Il faut se référer aux travaux de Claudine Cardon-Hamet [1] pour en apprendre plus. Et l’on apprend que dans le cadre de la « politique des otages » pratiquée par les nazis suite aux actes de résistances qui se multiplient en fin 1941 et début 1942, en gros depuis l’invasion de l’Union Soviétique par la Wehrmacht, Hitler veut des représailles et cible particulièrement ce qu’il nomme le « judéo-bolchevisme » considéré comme responsable des attentats contre ses troupes. Les exécutions massives se multiplient sur le territoire français, à Bordeaux, à Nantes, à Chateaubriand. A partir du 9 avril 1942, Hitler ordonne pour chaque nouvel attentat la déportation vers l’est de 500 otages communistes, juifs ou asociaux.

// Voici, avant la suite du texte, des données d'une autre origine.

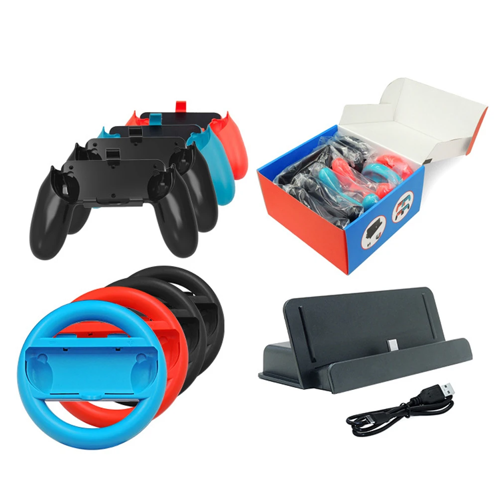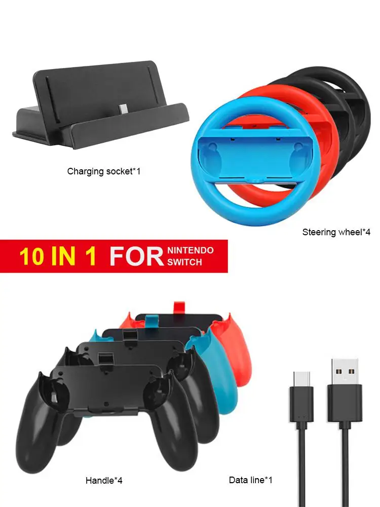 10 в 1 игровые аксессуары для Nintendo Switch для зарядки Bock Stand Racing Steel Wheel Handle Grip Joy Game Con Controller

Les otages à déporter devaient avoir entre 18 et 55 ans et être aptes au travail, la plupart avait été arrêtée par la police française dans son zèle à soutenir la politique de l’occupant. En juillet arrivent à Birkenau 1170 hommes, en très grande majorité communistes, quelques juifs aussi, plus de 80 % meurent dans les six mois qui suivent leur internement, de mauvais traitements, d’épuisement, de sous alimentation, d’épidémies. Plusieurs centaines considérés inaptes sont gazées.

En janvier 1943, 230 résistantes, dont la moitié est communiste, les rejoignent.

A la fin des hostilités sur 1400 déportés seuls 168 survivent.